__Work request__
Reproduce the material below only from the line with "Викладаємо всі інгредієнти" to the line with "Vatika Naturals Шампунь", both included, keeping each line exact and dropping the pictures.

__Input for this task__
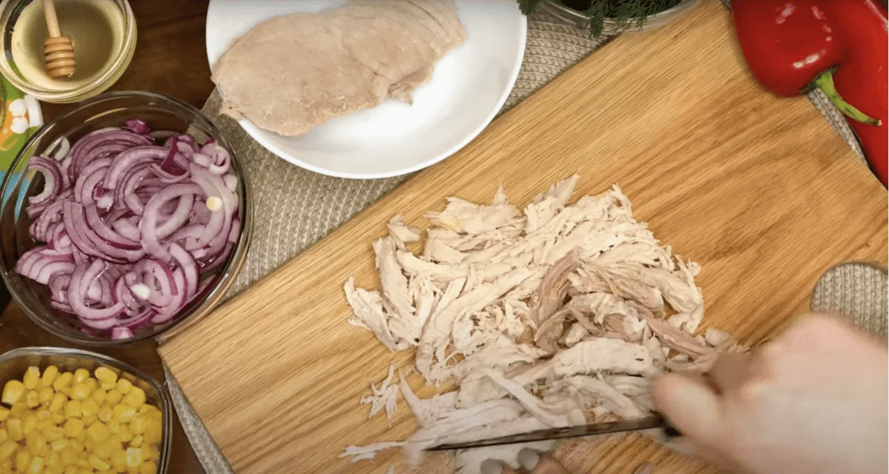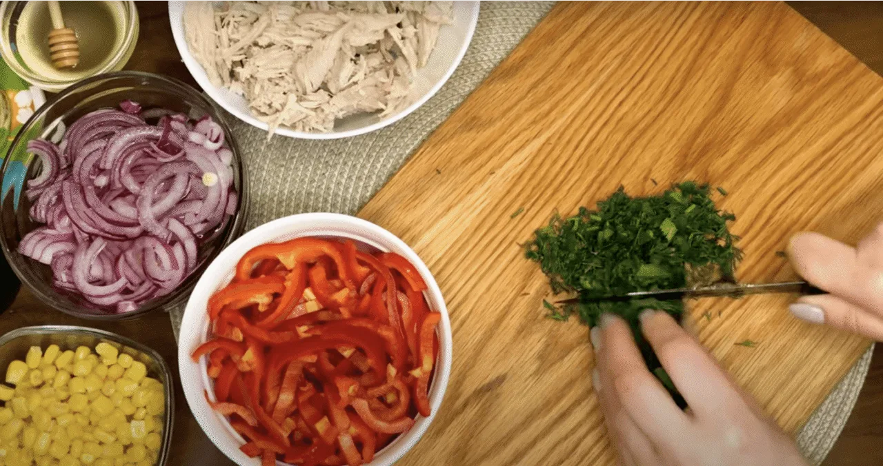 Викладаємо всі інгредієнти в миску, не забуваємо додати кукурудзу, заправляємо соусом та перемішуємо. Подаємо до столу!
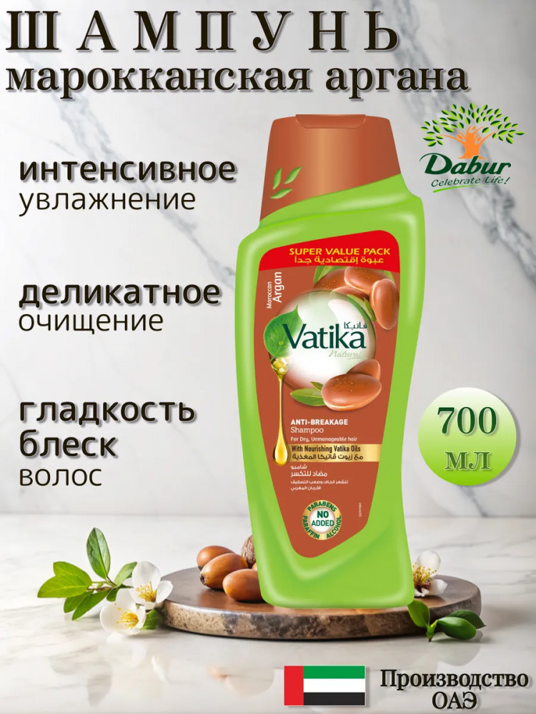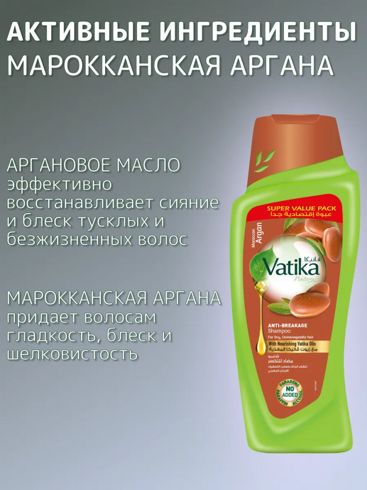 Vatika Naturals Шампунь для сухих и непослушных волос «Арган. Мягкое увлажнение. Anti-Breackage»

==

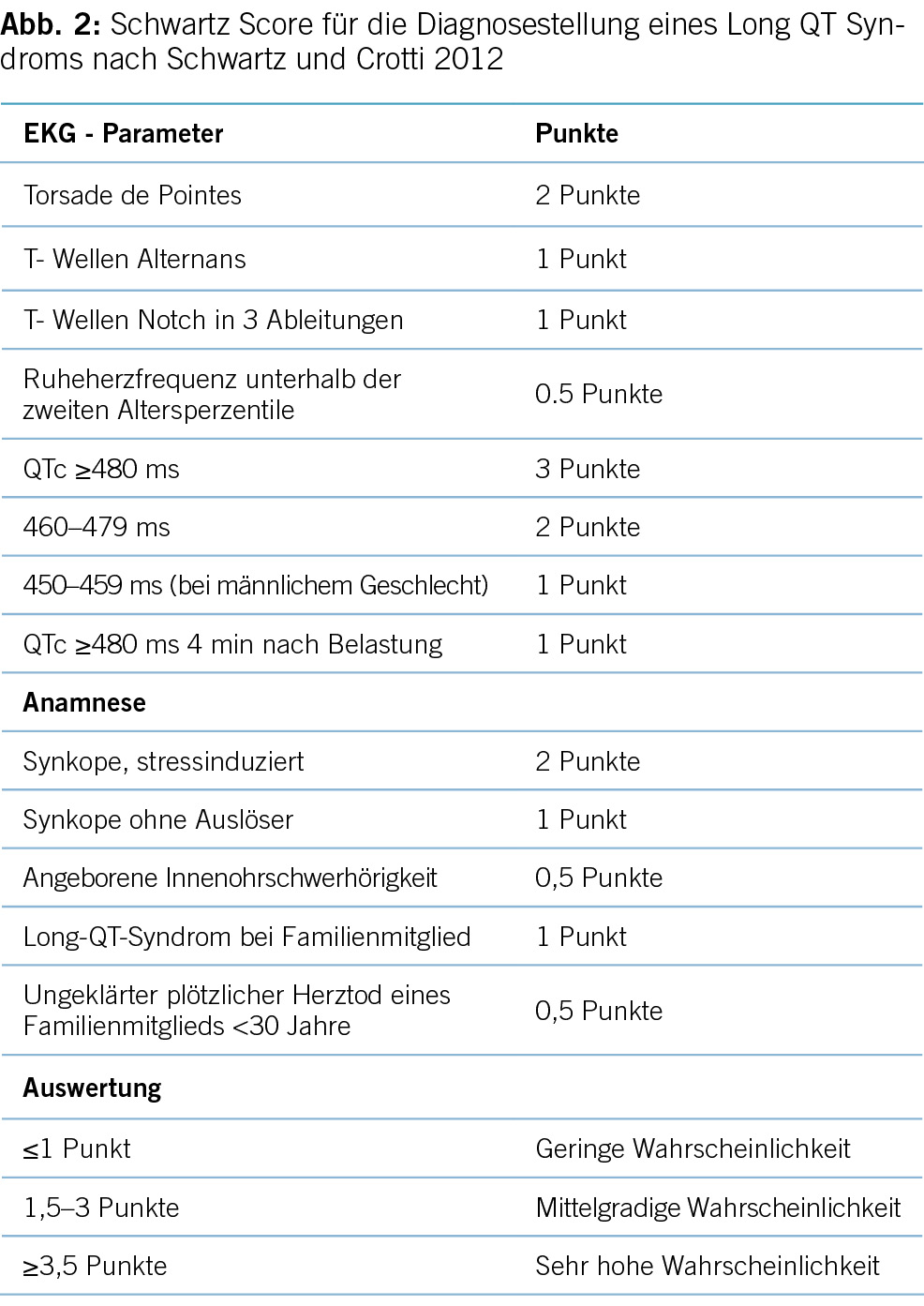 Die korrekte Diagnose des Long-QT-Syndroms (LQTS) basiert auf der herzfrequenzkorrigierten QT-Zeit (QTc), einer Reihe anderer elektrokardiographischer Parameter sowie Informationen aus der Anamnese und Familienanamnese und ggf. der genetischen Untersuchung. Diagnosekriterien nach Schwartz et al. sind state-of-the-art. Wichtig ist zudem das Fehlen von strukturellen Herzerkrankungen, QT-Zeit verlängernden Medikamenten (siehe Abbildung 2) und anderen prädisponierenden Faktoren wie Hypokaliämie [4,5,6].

__Solution to this problem__
 Викладаємо всі інгредієнти в миску, не забуваємо додати кукурудзу, заправляємо соусом та перемішуємо. Подаємо до столу!
 Vatika Naturals Шампунь для сухих и непослушных волос «Арган. Мягкое увлажнение. Anti-Breackage»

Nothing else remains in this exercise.